### Your instructions
Starting from the line with "Не производится с" and going up to and including the line with "Šperkovnička z mastku", copy the listing below exactly. Leave all images out.

### Input data
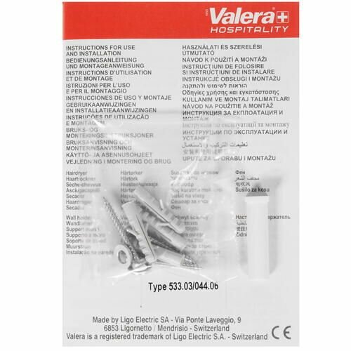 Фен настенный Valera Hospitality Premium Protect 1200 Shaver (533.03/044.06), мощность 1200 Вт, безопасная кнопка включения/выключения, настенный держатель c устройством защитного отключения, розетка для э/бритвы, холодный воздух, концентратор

---

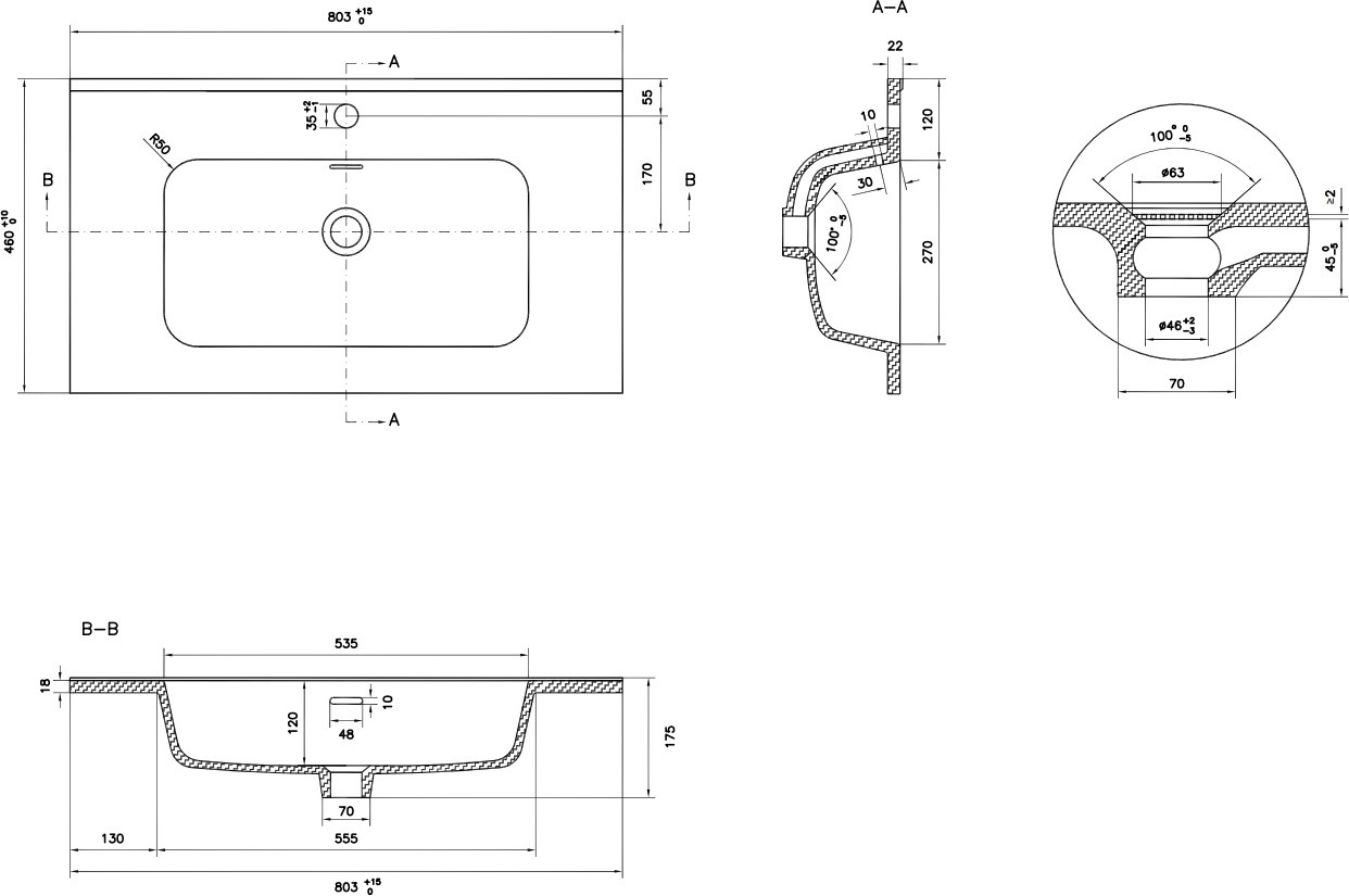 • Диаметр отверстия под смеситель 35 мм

==

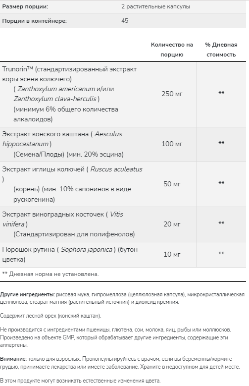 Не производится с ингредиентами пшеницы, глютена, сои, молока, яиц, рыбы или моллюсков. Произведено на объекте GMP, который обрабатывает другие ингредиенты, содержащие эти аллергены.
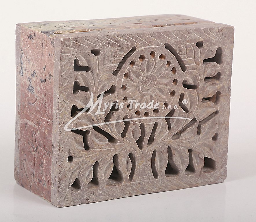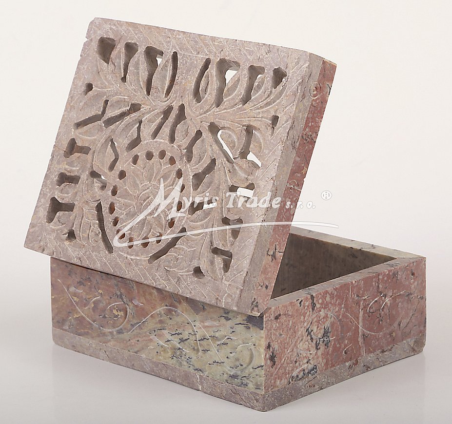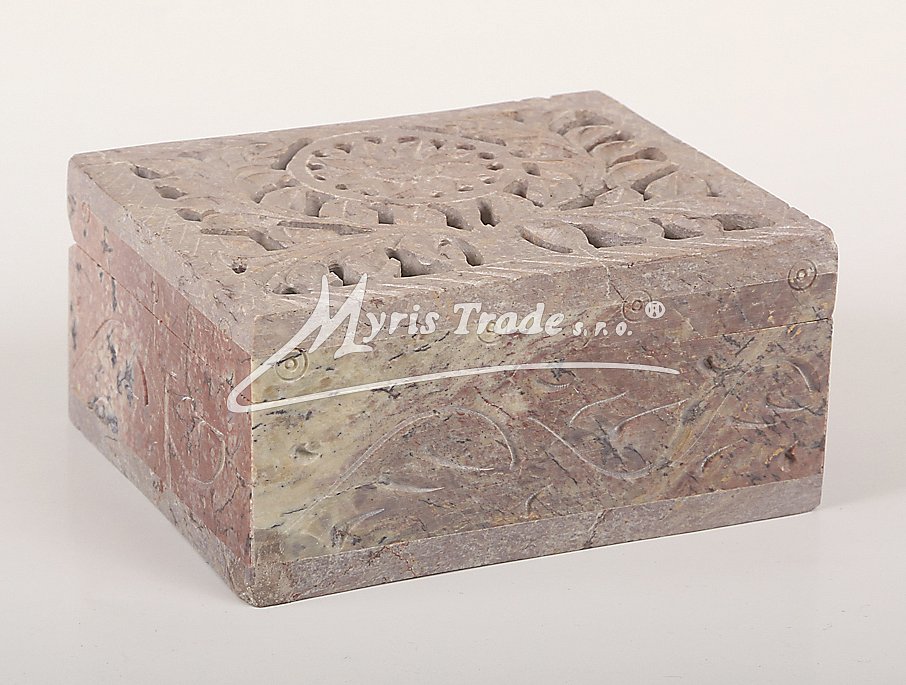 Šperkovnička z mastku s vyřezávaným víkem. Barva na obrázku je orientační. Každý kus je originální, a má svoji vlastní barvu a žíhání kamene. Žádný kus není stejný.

### Task response
 Не производится с ингредиентами пшеницы, глютена, сои, молока, яиц, рыбы или моллюсков. Произведено на объекте GMP, который обрабатывает другие ингредиенты, содержащие эти аллергены.
 Šperkovnička z mastku s vyřezávaným víkem. Barva na obrázku je orientační. Každý kus je originální, a má svoji vlastní barvu a žíhání kamene. Žádný kus není stejný.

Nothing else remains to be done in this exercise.